Com A Divina Comédia (1991), Oliveira ao mesmo tempo retoma a saga farsesca de Meu Caso (1986) e Os Canibais (1988) como também se permite realizar um de seus filmes mais insólitos, com enquadramentos estranhos e desenvolvimento narrativo que lembra mais um cruzamento entre o Pedro Costa inicial e o Edgar Pêra de sempre. Alguns planos em grande angular são particularmente atípicos na carreira do diretor, como os do assassinato-pesadelo de Raskolnikov (o ator Miguel Guilherme, terrivelmente careteiro em Non ou a Vã Glória de Mandar, espetacular aqui), logo no início, ou os de Adão e Eva no Paraíso, envoltos em uma névoa suave. Ou ainda os muitos campos e contracampos que Oliveira, a esta altura, parecia já não temer mais em adotar.

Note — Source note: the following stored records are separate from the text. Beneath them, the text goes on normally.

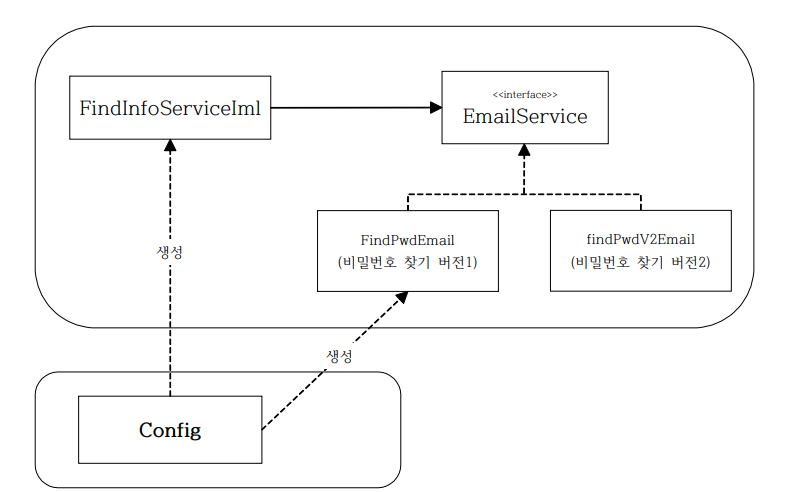 위 그림과 같이 런타임 시에 Config 설정파일이 주입해 주는 다이어그램입니다. findPwdV2 Email을 사용한다면 Config는 findPwdV2Email을 생성해 줍니다.
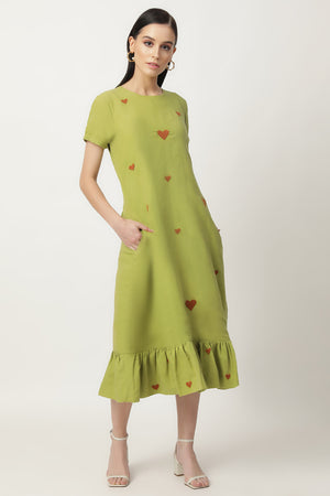 Round neck loose fit dress in grass green colour with frill panel at the botton and brown colour heart embroidery detailing all over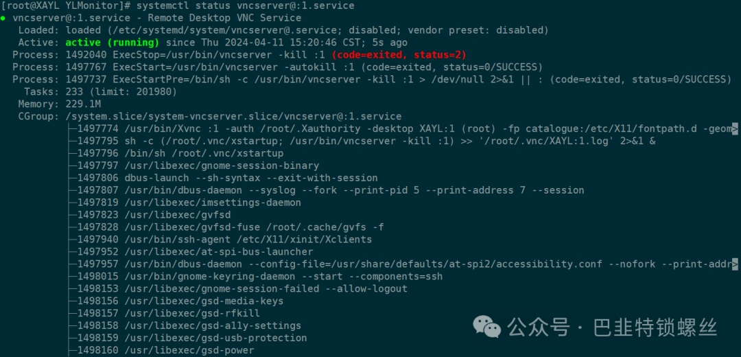 [root@XAYL YLMonitor]# vncserverWARNING: vncserver has been replaced by a systemd unit and is now considered deprecated and removed in upstream.Please read usr/share/doc/tigervnc/HOWTO.md for more information.New 'XAYL:1 (root)' desktop is XAYL:1Starting applications specified in root/.vnc/xstartupLog file is root/.vnc/XAYL:1.log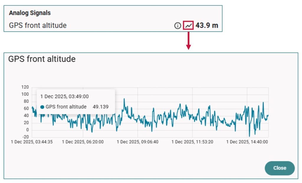 In the cockpit we’ve enabled Quickcharts for analog, digital and big numerical signals provide instant 24-hour signal history. Fleet Data Analytics also gets more flexibility: charts can now be reordered or hidden, and table visuals are unified across all views. Breadcrumb navigation is consistent between tmOS and Administration, making deep-dive workflows far easier to follow.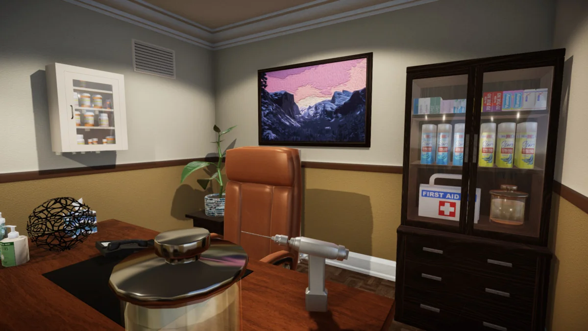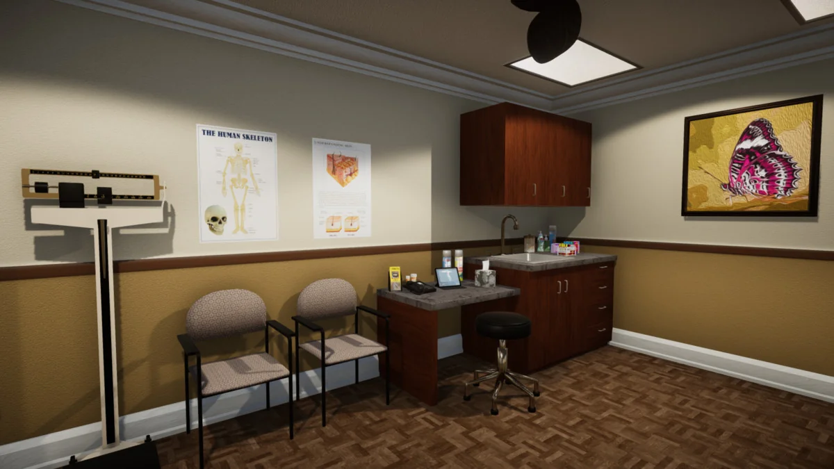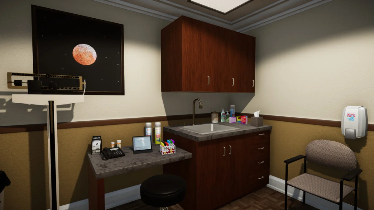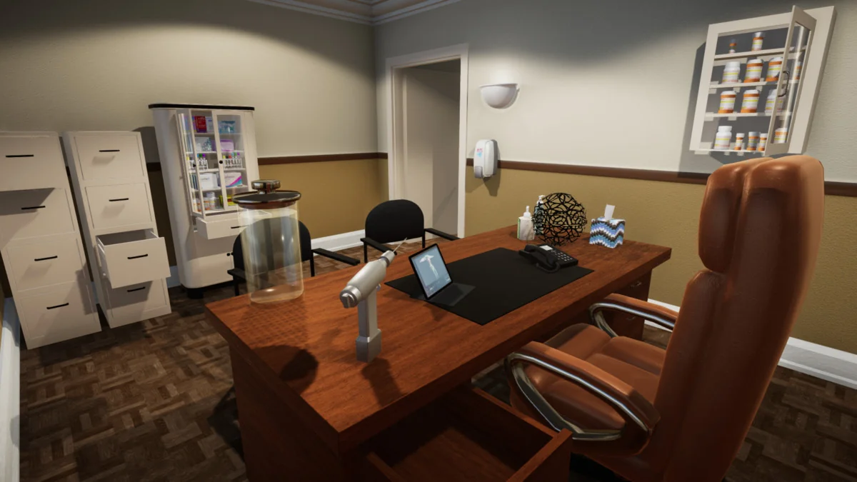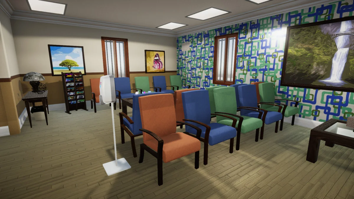 To populate waiting rooms and consultation offices, the kit includes 14 magazines, 12 pamphlets, and 5 posters, all featuring unique artwork to avoid repetitive textures. These can be displayed using the included wall-mounted pamphlet holders or tabletop stands. The atmosphere of a working office is further enhanced by 14 medication boxes and bottles, also featuring unique artwork, and two types of sanitizer dispensers for placement in hallways and rooms.

Tudo se passa dentro de um hospício, lugar em que as pessoas vivem seus personagens sem que haja uma história para se adequar a todos. Vão se construindo pequenas histórias com personagens históricos, bíblicos e literários. Há o que pensa ser Jesus, o que pensa ser um profeta, o que pensa ser Raskolnikov, e por aí vai. Nesse “azyllo muito louco” todos querem uma história para si. Não há consenso, só enfrentamentos, dissonâncias. Por vezes, há tentativas de adequação. Leonor Silveira, por exemplo, deixa de ser Eva para se tornar Santa Tereza. Mas com isso deixa de se adequar a uma história na tentativa de se adequar a outra.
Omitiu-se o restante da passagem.